▶ _GIVEN DATA_
-------
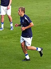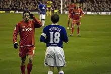 Neville's attitude, work rate and willingness to play anywhere saw him become one of manager David Moyes' favourites. On 8 August 2006, Neville was announced as vice-captain to David Weir, and – on Weir's departure to Rangers in January 2007 – he became the club captain.[16] In the Manchester United–Everton match on 29 November 2006, Phil and his brother Gary became the first siblings to captain their respective clubs against each other in the Premier League.[17]
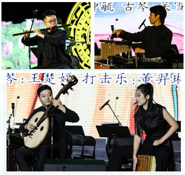 随后,《山歌》由柳琴、琵琶、中阮、大阮四重奏呈现,带领观众领略民族乐器细腻的声部对话。《妙旋古道》融合竹笛、泥哇呜、古琴、古筝与打击乐,乐曲在古老音色中注入现代气息。
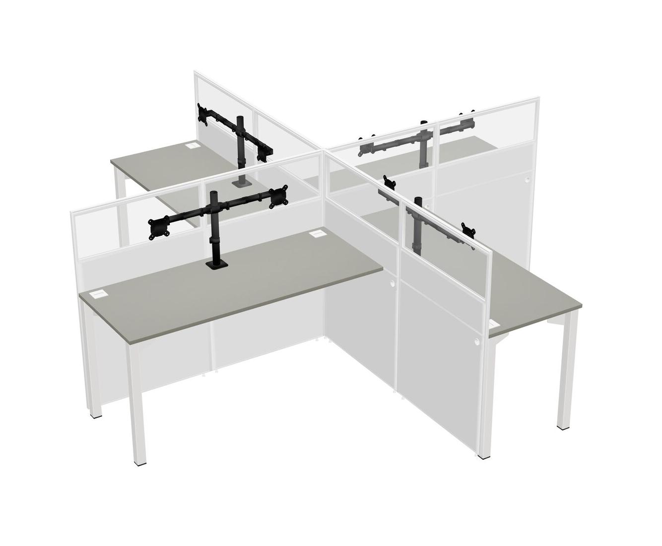 Grey Shadows Quad Cubicle Workstations For 4 + Monitor Arm (double Arms)
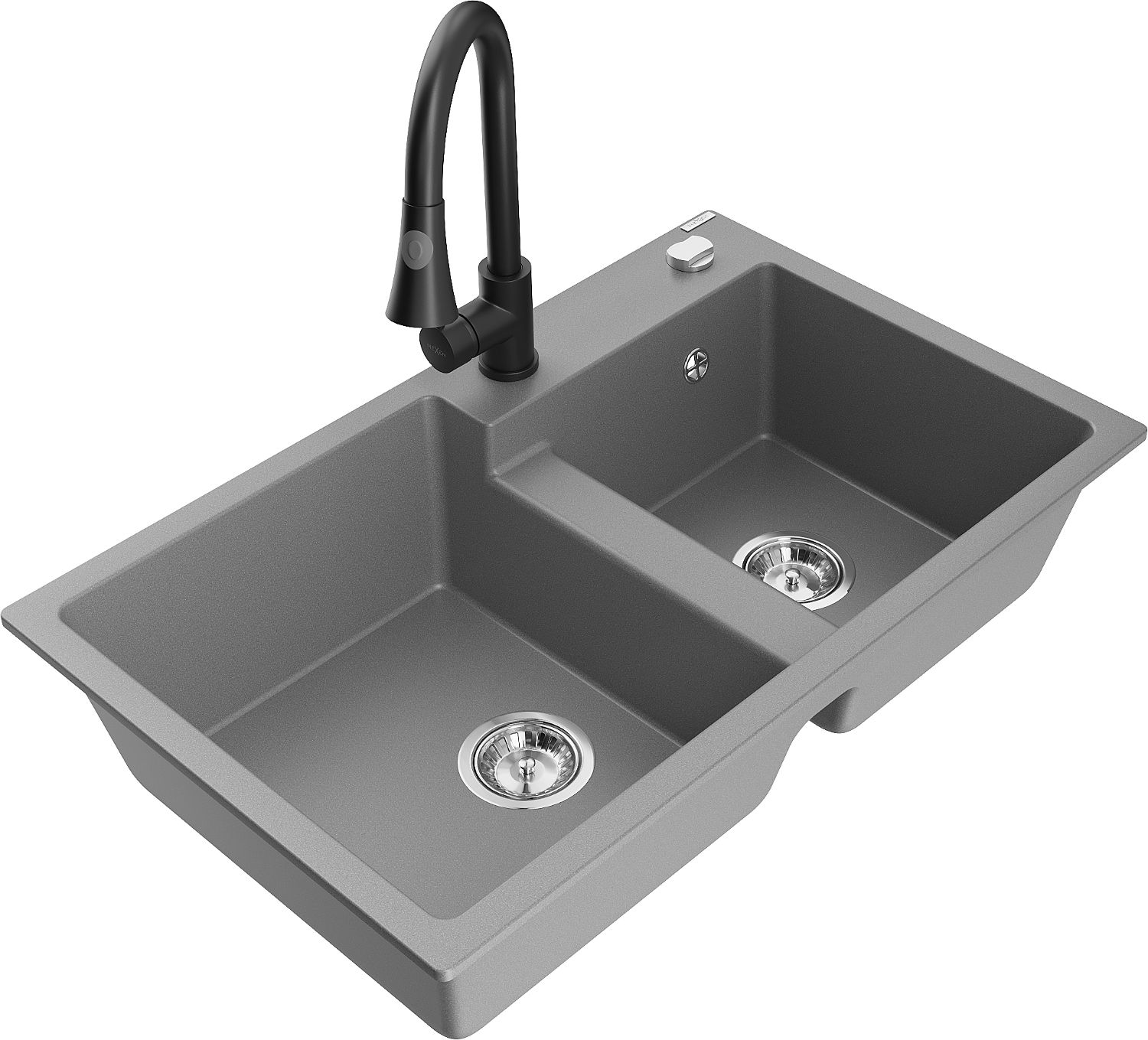 Mexen Tomas granitový drez 2-komorový s kuchynskou batériou Elia, sivý - 6516-71-670101-70
-------
▶ _WORK INSTRUCTIONS_
Once more, give the listing above exactly, leaving each picture out.

▶ _RESULT OF THIS EXERCISE_
 Neville's attitude, work rate and willingness to play anywhere saw him become one of manager David Moyes' favourites. On 8 August 2006, Neville was announced as vice-captain to David Weir, and – on Weir's departure to Rangers in January 2007 – he became the club captain.[16] In the Manchester United–Everton match on 29 November 2006, Phil and his brother Gary became the first siblings to captain their respective clubs against each other in the Premier League.[17]
 随后,《山歌》由柳琴、琵琶、中阮、大阮四重奏呈现,带领观众领略民族乐器细腻的声部对话。《妙旋古道》融合竹笛、泥哇呜、古琴、古筝与打击乐,乐曲在古老音色中注入现代气息。
 Grey Shadows Quad Cubicle Workstations For 4 + Monitor Arm (double Arms)
 Mexen Tomas granitový drez 2-komorový s kuchynskou batériou Elia, sivý - 6516-71-670101-70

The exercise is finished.